When Kris Van Assche traveled to the Berluti factory in Ferrara, Italy, he was still trying to get a fix on what might become the thematic algorithm—the heart—of his first runway show for the brand he joined last April. And then he saw it: the huge square marble table at which Berluti’s artisans sit to apply dye and polish up the patina of the shoes for which this 1895-founded company is so renowned. Struck not only by the creamy deep whiteness of the marble, but the circles and blotches left by years’ worth of lovingly applied polishes—flecks of pink and blue and orange and green and red—Van Assche knew he had stumbled upon the key with which to unlock his new iteration of Berluti.

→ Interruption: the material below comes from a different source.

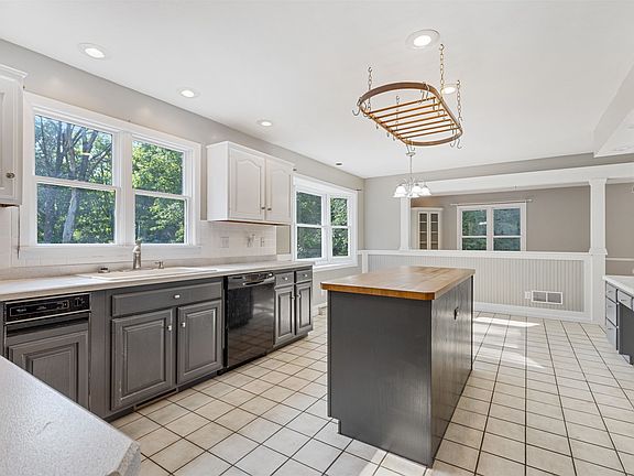 Rare opportunity to own this beautiful home! This distinguished, private & wooded area right down the street from Krape Park offers both privacy & convenience. The entryway welcomes you into this spacious home with an abundance of natural light. Formal living room with large picture windows overlooks the side yard with tons of mature trees. The kitchen is the heart of the home, offering a center island, plenty of upper & lower cabinets along with ample work room. Entertaining is made easy with the dining room conveniently located adjacent to the kitchen & room for a large table. Off the dining area are French doors leading to your private deck! The spacious living room boasts a wood burning fireplace, vaulted ceilings, wet bar, & a gorgeous beam with natural wood work. On the main level you will also find a large screened in porch, convenient main floor laundry, & a half bath. Working at home? No worries, there is also a main floor office with built-in bookcases. As you head upstairs, you will find three generous bedrooms and a full bath with a double sink vanity. All bedrooms have a wonderful view, as well! In the opposite direction awaits the balcony heading to the primary suite, which offers two large closets, a private bathroom with double vanities & a jetted tub! The lower level has a large finished area with a wet bar, wood burning fireplace, & built-in book cases. Plenty of room for movie night & activities. Additionally, there is another full bath & an extra room that can be used for anything your heart desires. The utility room offers ample storage options, as well! The backyard is a serene retreat that is sure to please; 1.44 acres of lush grass & mature trees all around. Plenty of wildlife habitat year-round. Working, entertaining, or just relaxing is made easy in this home!

“I totally, totally love the contrast of the noble and the rough. So we photographed it, and it became a print on the silk shirts, suits, and coats—we didn’t retouch it at all. And all those colors provided the palette for the rest of the collection,” Van Assche explained. To show how fundamental he feels the patina is, the designer’s first look was a hand-cut suit in patinated brown leather. The technique used to apply the richly layered fluctuating densities of color was different to that used on a Berluti shoe—say an Alessandro or an Andy—because on the suit it would have stained the clothing worn beneath it. Both through his use of color drawn from the stains on the patina table and this first suit, Van Assche was building a connection between the accessories upon which Berluti was founded and the clothes he now becomes the third designer charged with producing.
Like Haider Ackermann before him, Van Assche populated this show—the only exclusively masculine house in the LVMH group—with plenty of women. With the exception of a rib-knit dress in complementary shades of blue, women-worn outfits were variations of the menswear. The final looks, simultaneously presented on both genders, were a brace of black suits: Van Assche is Van Assche. Unlined kangaroo-hide trenches, some a rich red russet, some a soft throbbing fluctuation of several colors—plus a great astrakhan-effect gray shearling, a black croc bomber, and several leather hoodie and track pant looks—supplied the powerfully animal accent you’d expect from a house that stands on its heritage in leather.
Paneled moto pants stamped with the year of the company’s founding were worn beneath table-print shirting and strong-shouldered, tailored jackets or overcoats in some of the brightest tones in the kaleidoscope. Often these came with leather shoe tassels attached to the lapel by a safety pin brooch. A gray leather trenchcoat over a charcoal city suit and a dark gray suit in a jacquard of irregular black clouds were looks in which Van Assche explored a darker aspect of patina.
The shoes, all important, were bold adaptations of the Alessandro, radically sliced to produce an irregular chisel-toe shape, often emphasized with metal plates that shined under the spotlights, another play on patina. White sneakers came in the same shape. The stealth submarine toe shape was reflected in the molded leather bags—richly patinated, naturally—slung across many of the looks here.
This first in-the-wild display of Berluti 3.0—the Van Assche update—explored a series of interesting dialectics: between the shine and depth of patina, between the differences and overlaps in accessories and clothing; and between the expressively idiosyncratic appeal of the brand’s core products and its position in a highly formalized luxury menswear sector.